Entries taken from a collection
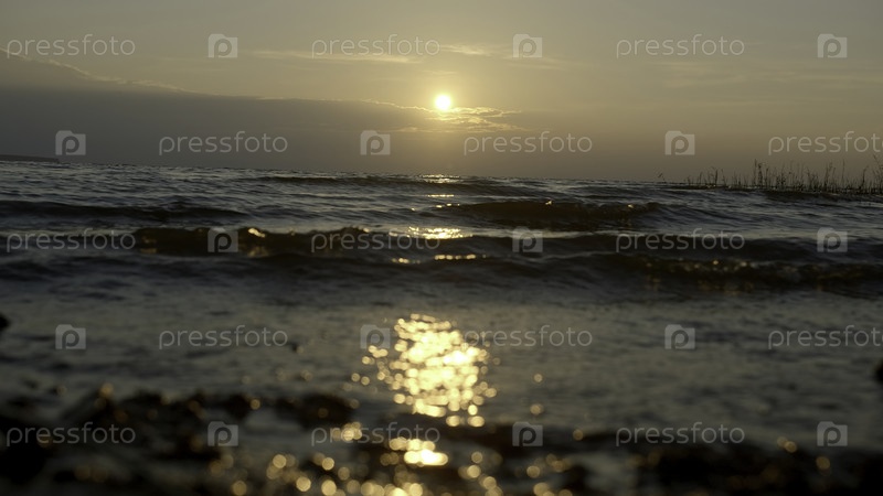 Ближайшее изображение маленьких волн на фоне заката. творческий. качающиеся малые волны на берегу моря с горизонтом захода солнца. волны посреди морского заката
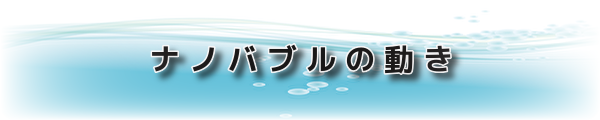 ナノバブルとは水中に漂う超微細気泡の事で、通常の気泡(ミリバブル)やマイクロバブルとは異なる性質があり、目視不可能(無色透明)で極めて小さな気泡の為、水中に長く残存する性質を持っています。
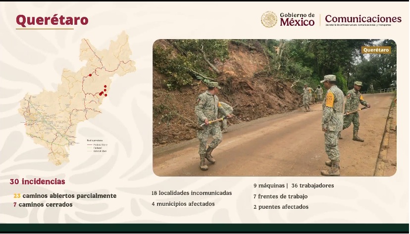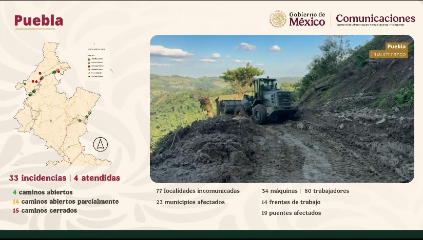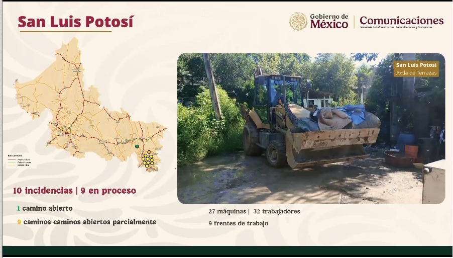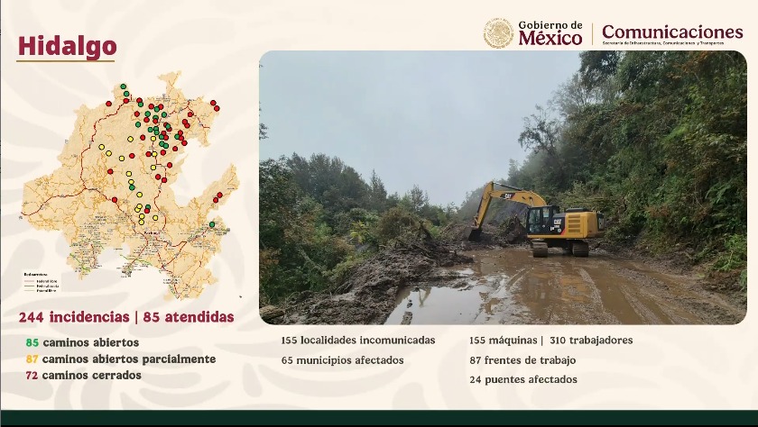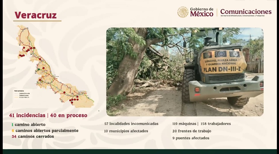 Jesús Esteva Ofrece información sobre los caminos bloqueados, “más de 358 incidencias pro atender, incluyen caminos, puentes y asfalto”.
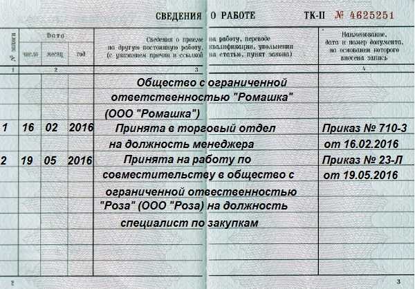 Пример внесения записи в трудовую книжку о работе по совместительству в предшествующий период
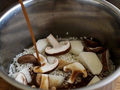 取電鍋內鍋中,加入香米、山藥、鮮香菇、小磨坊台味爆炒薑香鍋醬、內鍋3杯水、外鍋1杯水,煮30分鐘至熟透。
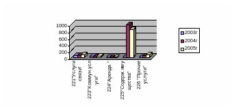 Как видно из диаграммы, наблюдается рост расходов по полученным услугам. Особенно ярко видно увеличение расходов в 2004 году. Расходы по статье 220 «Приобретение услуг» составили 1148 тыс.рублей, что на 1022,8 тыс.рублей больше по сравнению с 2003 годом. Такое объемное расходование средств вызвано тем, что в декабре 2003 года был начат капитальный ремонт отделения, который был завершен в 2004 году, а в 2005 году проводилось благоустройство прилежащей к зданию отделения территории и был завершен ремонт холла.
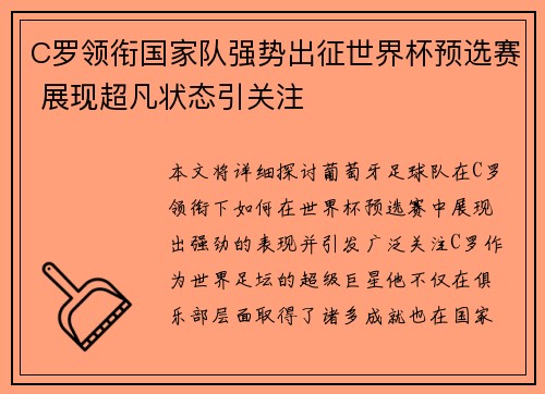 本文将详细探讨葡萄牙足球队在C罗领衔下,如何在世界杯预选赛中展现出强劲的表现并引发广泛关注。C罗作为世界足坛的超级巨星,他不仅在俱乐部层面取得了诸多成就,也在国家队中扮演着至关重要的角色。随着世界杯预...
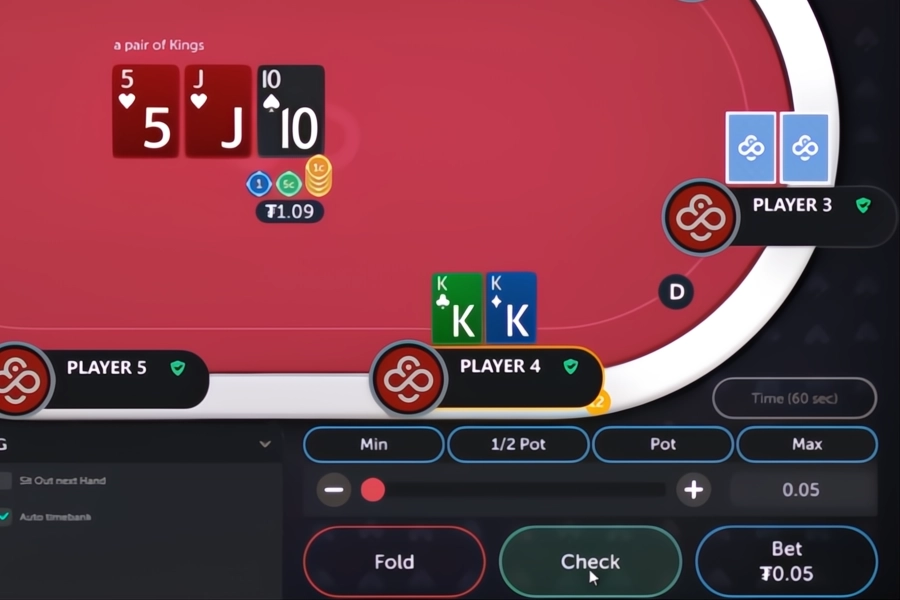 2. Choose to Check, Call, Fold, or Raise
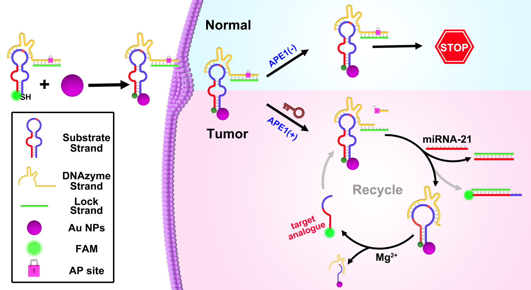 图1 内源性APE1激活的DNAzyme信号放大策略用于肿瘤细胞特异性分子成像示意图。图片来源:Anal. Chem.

Task goal
Print nothing except the lines above from the one containing "ナノバブルとは水中に漂う超微" down to the one containing "取電鍋內鍋中,加入香米、山藥", both included, exactly as written and free of pictures.

Output for this exercise
 ナノバブルとは水中に漂う超微細気泡の事で、通常の気泡(ミリバブル)やマイクロバブルとは異なる性質があり、目視不可能(無色透明)で極めて小さな気泡の為、水中に長く残存する性質を持っています。
 Jesús Esteva Ofrece información sobre los caminos bloqueados, “más de 358 incidencias pro atender, incluyen caminos, puentes y asfalto”.
 Пример внесения записи в трудовую книжку о работе по совместительству в предшествующий период
 取電鍋內鍋中,加入香米、山藥、鮮香菇、小磨坊台味爆炒薑香鍋醬、內鍋3杯水、外鍋1杯水,煮30分鐘至熟透。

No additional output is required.